— Знаешь, что он сказал мне перед расставанием? «Прощенья нет. Спасенье невозможно». Да, вся моя жизнь в этих словах. Она — их доказательство…
— Тебе ли это говорить! Ты только вспомни: чтоб тебя спасти Анастази отдала всё, что у неё было, Отец (я слышал сам) советовал ей, как тебе помочь, даже я наскрёб деньжат, сколько мог — все о тебе пеклись!.. А сейчас!? Я мог бы не проснуться, не сообразить…
— И было бы прекрасно.
— Что?
— Вы не спасали — вы лишь продлевали мою пытку… Сегодня… моя память сделала ещё один шаг назад… Та рукопись, с которой началась моя жизнь… Одни люди захватили других и забавы ради истязали самыми изысканными способами — не для забавы даже — ради наслаждения.
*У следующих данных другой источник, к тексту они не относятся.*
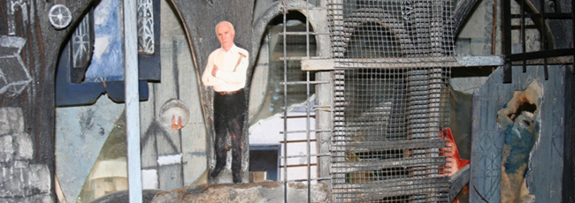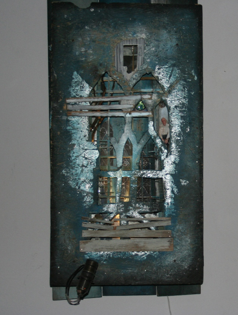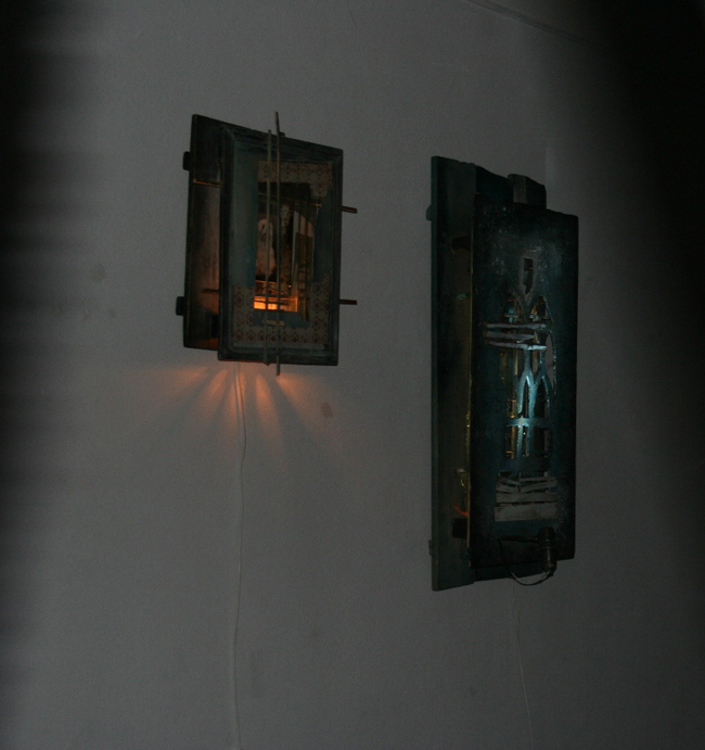 W wejściu zawieszone zostały płachty grubego , czarnego materiały. Za nimi w głębi pomieszczeń rozwija się dziwny świat Michała Mackiewicza. W pierwszym pokoju są to rzeźby – obiekty dizajnerskie, mogłyby nadawać się do wnętrza współczesnej kawiarni. Są nostalgiczne, nadgryzione zębem czasu. Przypominają stary, zapomniany mebel lub pomiętoszony obrazek w potłuczonej ramce. Są wykonane z bardzo wielu elementów – zdjęcie psa, kawałek deseczki, drucik, motyw gotyckiego okna zrobiony z kartonu. Wszystko ma wymiary niedużego obrazka. Podświetlenie z dołu wzmaga wrażenie nastrojowości, nostalgii, a nawet mroczności.

Безобиднейшее из того, что они творили со своими пленниками, самый храбрый и жизнелюбивый человек предпочёл бы смерти. Вряд ли ты сможешь это вообразить… То, что я видел тогда за окном, совпадало с тем, что я читал. Всё было в точности так: людей выволакивали из домов и угоняли, как скот. Из моего — тоже, и я знал, какова будет участь их всех. Я не хотел её с ними делить! Я поклялся сделать все, что угодно, чтоб избежать её. Альтернативой была лишь роль всеторжествующего, безнаказанного мучителя, и я стал готовить себя к ней и… Но Бог послал мне эту счастливую, гениальную мысль! — Умереть от собственной руки, мгновенно! Вот это… и есть моё спасение… Я не просил Нази закладывать бриллианты! Я мечтал, что она — единственный близкий мне человек, всё поймёт и не оставит меня одного в этот час… Карты… то был повод… Жизнь… невыносима, если год за годом ждать палачей в красных шапках… а радость находить лишь…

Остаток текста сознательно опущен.